Due to the optimal path being only one of many paths, with varying amounts of similarities between one another. To find more "stable" CpG islands, i.e. islands that occur often in high probability paths, we look at the posterior probabilities if the paths.

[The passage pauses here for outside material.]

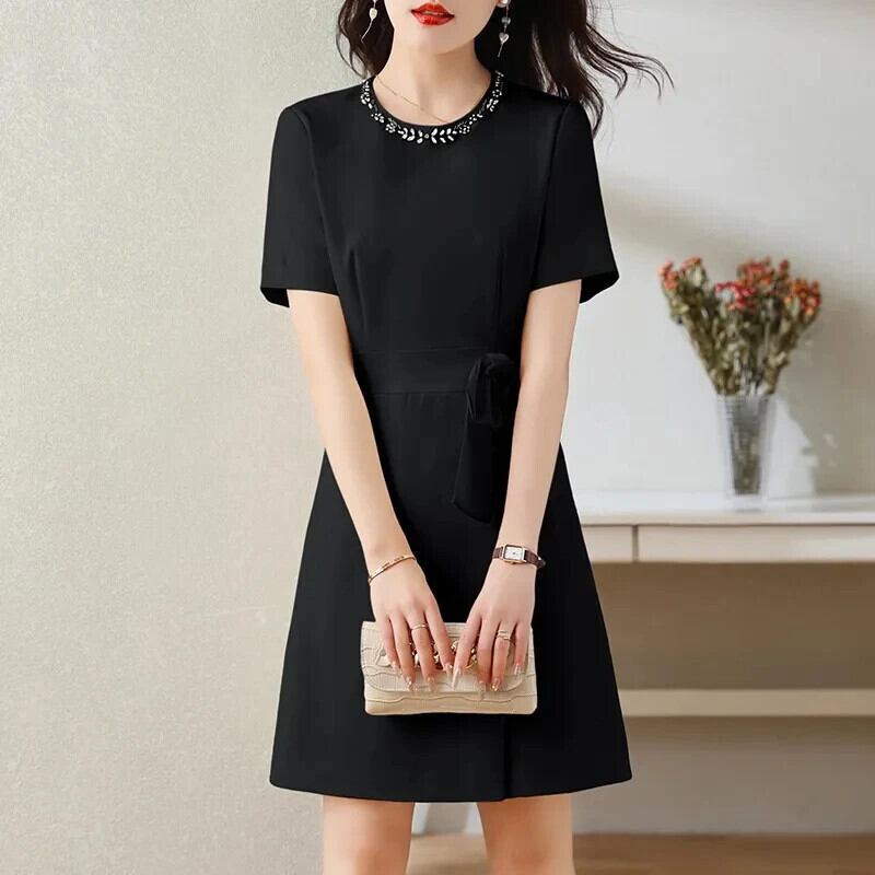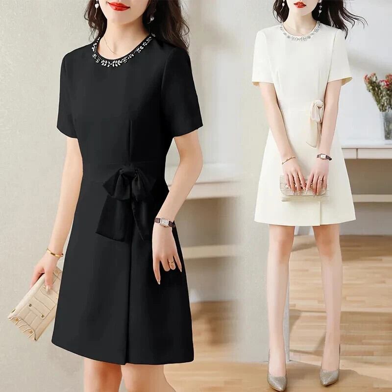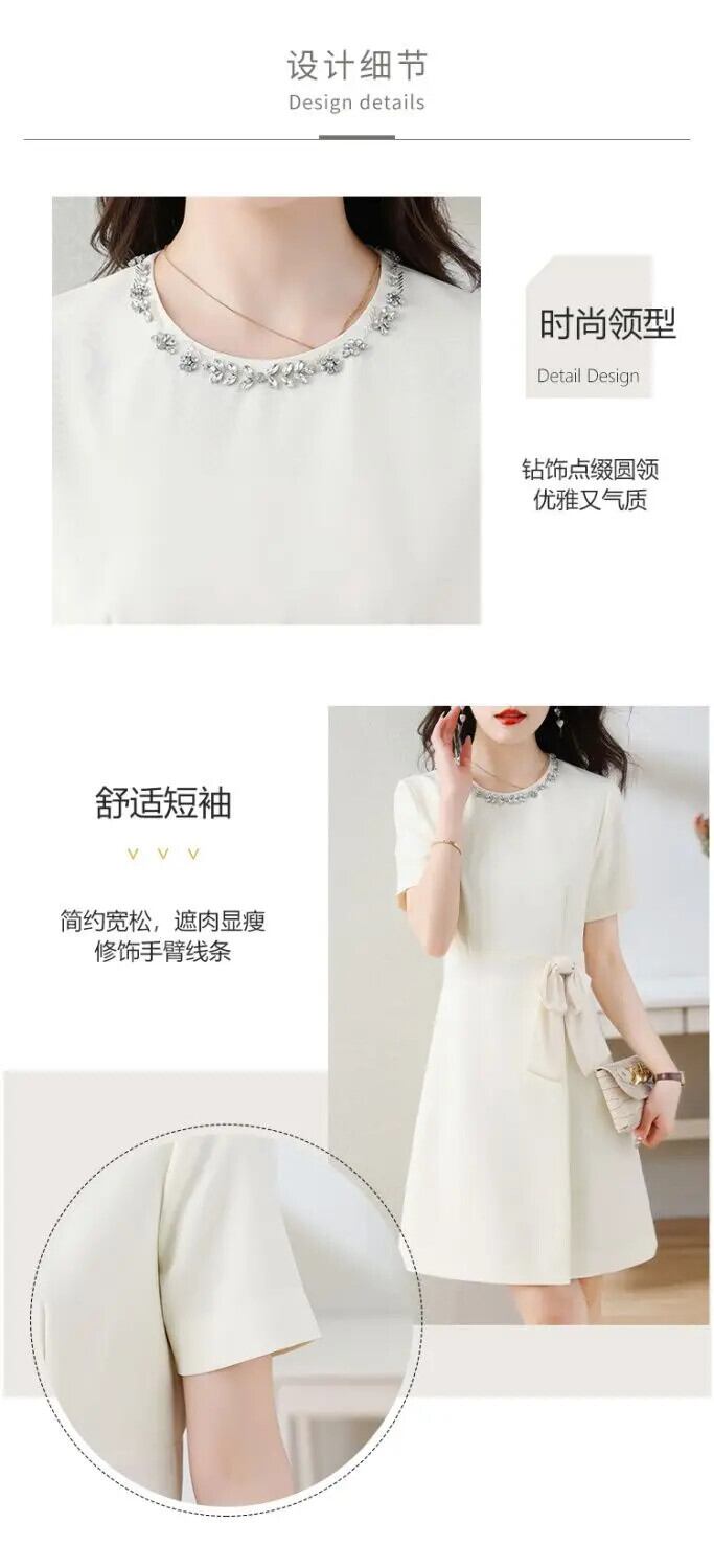 夏ホットスタイルダイヤモンド埋め込み気質ウエストパネル蝶ネクタイドレス リボン サマー 夏物

The forward algorithm gives us the probability of a sequence taking into account that multiple paths can give rise to the same sequence of symbols. The total probability is given as

$$
P(\vec x) = \sum_{\pi} P(\vec x, \pi)
$$

This allows us to calculate the probabilities of individual paths as 

$$
P(\pi | \vec x) = \frac{P(\vec x, \pi)}{P(\vec x)} = \frac{P(\vec x, \pi)}{\sum_{\pi'} P(\vec x, \pi')}
$$

Here in the forward algorithm, we calculate the probability to end in state $k$ after reading the first $i$ symbols

$$
f_k(i) = P(x_1, ..., x_i, \pi_i = k)
$$

*Initialization*
- $f_S(\phi) = 1, f_k(\phi) = 0$ $\forall k$ state other than start

*Recursion*
- $f_k(i) = e_k(x_i) \underbrace{\sum_l (f_l(i-1) a_{lk})}_{\text{All previous paths transitioning to state } k}$

*Termination*
- $P(\vec x) = \sum_k (f_k(L) a_{kE})$

# Backward Algorithm

The backward algorithm gives us the probability of a sequence taking into account that multiple paths can give rise to the same sequence of symbols, but doing the computations from the end towards the beginning from the sequence. We calculate the probability of symbols $x_{i + 1}, ... , x_L$ starting in state $k$ at position $i$.

$$
b_k(i) = P(x_{i+1}, ..., x_L, \pi_i = k)
$$

*Initialization*
- $b_k(L) = a_{kE}$ $\forall k$

*Recursion*
- $b_k(i) = \sum_{l} b_l(i+1)e_l(x_{i+1})a_{kl}$

*Termination*
- $b_s(\phi) = P(x_1,...,x_L | \pi_0 = S) = P(\vec x) = \sum_k b_k(1) e_k(x_1)a_{Sk}$

# Most probable State

The forward backward prob can be seen as the total probability from paths, where position $i$ is in state $k$. The forward, as the name suggest looks at all the paths from $0$ to $i$ and the backwards looks at all the paths from $L$ to $i$.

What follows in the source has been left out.